Nothing wrong with being dumb

Tony Poulos
15 Dec 2011
00:00

I've decided there's nothing wrong with being dumb. These days just having a smartphone handy can make the dumbest person absolutely brilliant, as long as he's smart enough to use the smartphone. However, when it comes to being a network operator, the word "dumb", when used with that other hackneyed noun, "pipe", sends shivers down telco CEO spines.

Well, not quite all. There is one wholesale satellite and terrestrial LTE provider in the US that relishes being not just a dumb pipe, but strives to build the dumbest of all wireless pipes possible -- the ultimate dumb pipe! In fact, that's the mantra of LightSquared CEO Sanjiv Ahuja, who said, "We want to be the dumbest wireless broadband pipe. No intelligence in our network. None. Zero."

So, how come LightSquared is flying in the face of the industry's accepted norm that strives for intelligence to provide value-added services deemed critical for survival? Maybe it's because most existing, and dare I say "legacy" networks, have been built that way in order to address the lucrative consumer, corporate and enterprise markets. In fact, most networks strive to be one-stop shops from everything, quite often failing to maximize returns from any one sector.

With diminishing high-yield voice revenues giving way to low-yield data, the cost of being all things to all people is starting to come into question and savvy CEOs are not just looking at cost-reduction as their savior but also at dramatic business model re-engineering. Discovering the true cost of servicing retail customers may be an impossible task, but if you imagine not having to worry about any operational and business systems, service delivery platforms, application servers, etc., then you start to get a gauge on what LightSquared is trying to achieve.

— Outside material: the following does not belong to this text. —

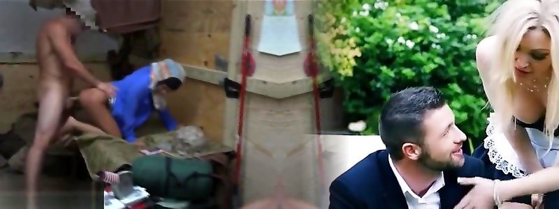 Blonde and brunette soldier sluts fuck in an army camp

That's not say that operating the ultimate dumb pipe is free of all these overheads. Even as a pure wholesale operation, it still has to provision services and bill its customers, but even those systems are kept to a basic minimum and are outsourced. Having an all-IP LTE network (that's even hosted by someone else), having a large chunk of spectrum to play with and being able to use both terrestrial and satellite networks by utilizing a clever Qualcomm chipset in devices, means that LightSquared can just worry about finding wholesale customers that require a minimum of attention, just access to a, dare I say it, "big fat pipe".